Thanks for any response and good luck with this project!
My understanding is that you "describe" your project using XML or JSON or code (which can be written against libraries in "the language of your choice"). Then, Kozo spits out a skeleton project based on that description in the tech stack of your choice.
So, you would (optionally) write code in unspecified languages to describe your project, and then you would have to actually finish the skeleton project, of course.
That's already quite accurate. However, you can also bind against external APIs and deploy Docker applications to fill the skeleton application.

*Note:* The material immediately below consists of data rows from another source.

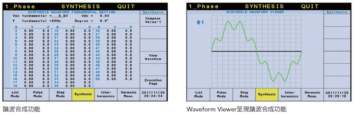 此外,Chroma 61500系列产品具备SYNTHESIS(合成)功能,允许使用者以50Hz或60Hz的基本频率来设定多阶的谐波成份,形成周期性的失真波形;另外61500系列产品亦提供INTERHAR(间谐波)功能,用于基频之外设定另一个非谐波的变动频率成份,从0.01Hz扫描到2400Hz,可帮助发现待测物输入端的谐振点或抗干扰的脆弱点。藉由以上特性,61500系列产品可输出周期性谐波和非周期性间谐波的失真波形,以完成IEC 61000-4-13符合免疫性测试。
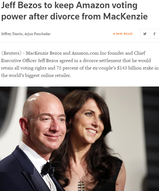 这一声明消除了投资者的一些担忧,此前这对夫妇宣布计划离婚,协商包括亚马逊股份在内的财产分割问题。根据离婚法律专家的说法,贝佐斯夫妇的离婚代表了一种独特的情况,因为他们在亚马逊成立之前就在一起了,他们两人共同拥有这笔巨额财产。而对于其他离婚的富豪,大多数都是在获得财富后才认识他们的配偶的。
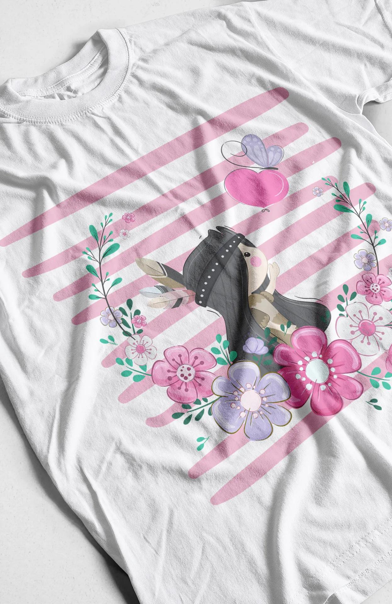 Descubre una camiseta infantil que transmite ternura y conexión con la naturaleza. Su diseño de un burrito con flores en tonos suaves y fondo de líneas rosadas ofrece un look delicado, encantador y con aire vintage, ideal para niñas que aman los animales y la estética campestre.
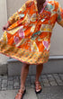 Bohemian Print Dress with Relaxed Fit & Long Sleeves
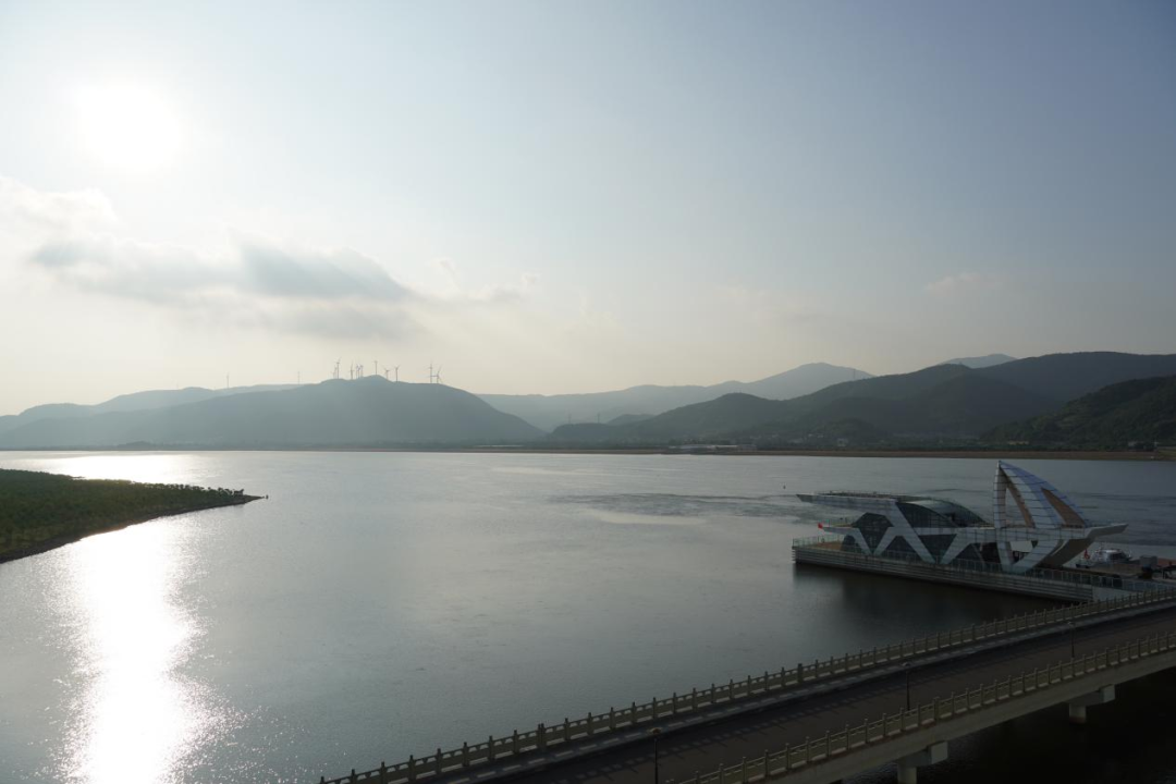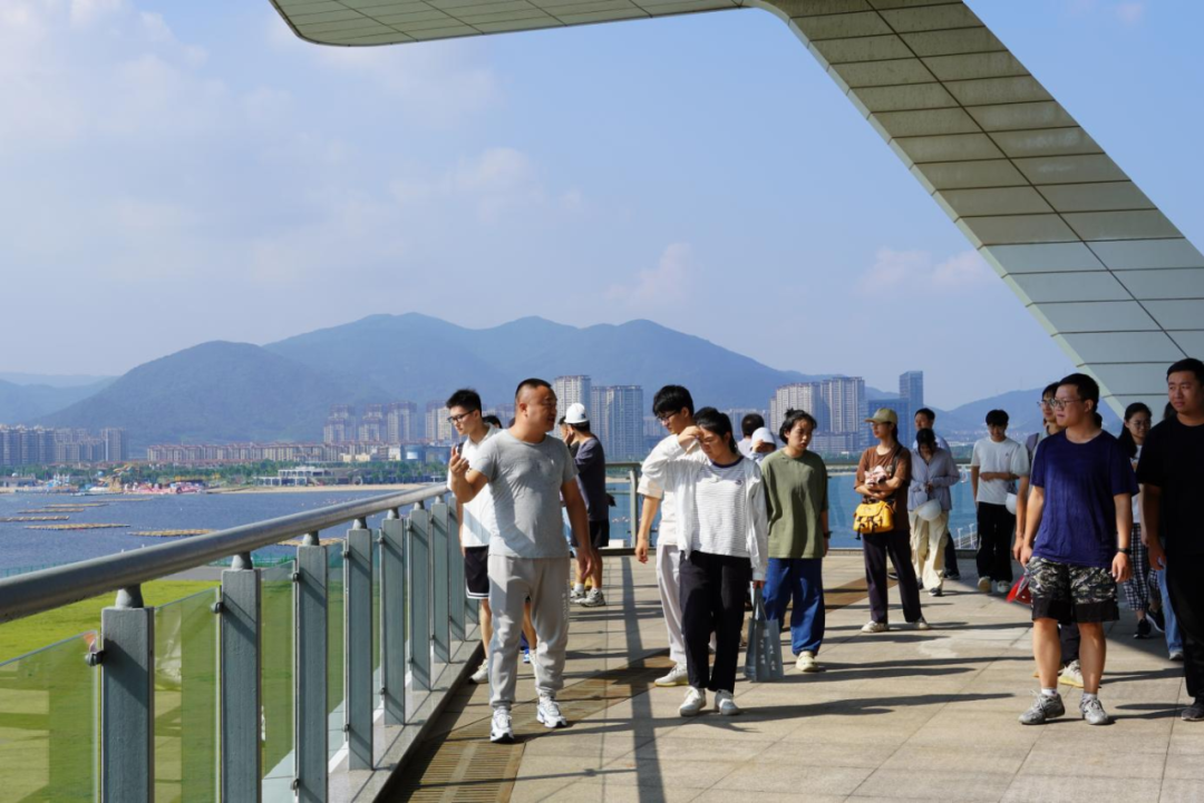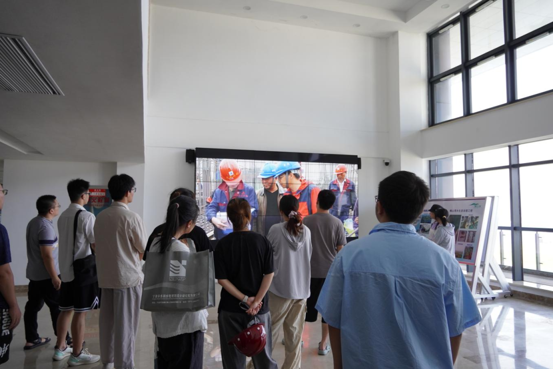梅山灣外,銀浪拍岸;梅山灣內(nèi),碧波含翠。首先,研學(xué)隊(duì)伍到達(dá)梅山灣建設(shè)管理中心,跟隨工作人員登樓參觀(guān),眺望南堤樞紐及附近設(shè)施,聆聽(tīng)工程總體建設(shè)情況,并觀(guān)看宣傳片,了解該工程的誕生始末。

The structure can be written in a JSON or XML format or alternatively be constructed using one of our libs, which are planned to be written in D, Python, Java, Ruby, PHP and possibly/almost certainly others.
We generate client & server side code and you can get the source code out in one of the supported stacks. Alternatively, we can host for you on a scalable stack, so you wouldn't need to care about setting up your own environments. If you deploy on your own stack, you obviously can have full control, if you deploy with us, we'll provide a number of configuration options, but generally it's a compiled server app running on a auto-scaling stack.
FWIW, I think this is a really cool idea. When I was trying to imagine use cases, most of them involved a project being generated on only one stack. Mobile apps are the only exception I can think of. Do you expect that most people will only generate their project once, on a single stack?
Right now, mobile seems to be the "exception". However, when you're thinking of other, "less common" stacks, like cloud-based Desktop applications or Browser extensions, new use cases become evident.
Furthermore, we're getting more and more stacks right now, such as wearables and sooner or later AR/VR devices/platforms - hence, the need for such as cross-platform tool will certainly increase. Plus, we also make developing single stack apps easier/less painful, so even then it will (hopefully ;) ) be helpful for people.
What kind of platforms do you plan to support? Any specific frameworks like Django or maybe Symfony/Laravel or Express.js?
Also, do you have plans to support stuff like social connect/OAuth authentication? So that you can specify that you want it, include required API IDs/Keys and any other required config and be done with it?
We abstract away platform differences, so we only need to write translators for different software stacks. Python with Flask/Django and PHP with Slim/Symfony/Laravel are definitely on our list.
We also offer bindings to external APIs, including OAuth. Storing IDs depends on your config, but could be done in data or session storage.
I'm actually working on a similar project that'll I'll be releasing in a month or so. It's similar in that you spec out a schema and some access control, which it hands off to processors that can generate code (db definition or ORM code).
It'll be released as GPlv3 and I would welcome any additional processors for other platforms.
Truth is there are a ton of CRUD apps out there, that are 80% boilerplate in reality, it's just different boilerplate. I know HN tends to focus more on startups and bleeding edge hobbyists but enterprise CRUD is what drives software development, and creates most of our checks. And we can still do much better.
Whoever can come up with an elegant, fast, stable solution to crack out CRUD apps and not make all the mistakes of the past attempts can revolutionize things.
In my opinion the LAMP stack did this great for a time. Rails does a pretty good job now. The .Net framework also does this very well, at a cost. It's not sexy, hip or cutting edge but there's a big demand for it.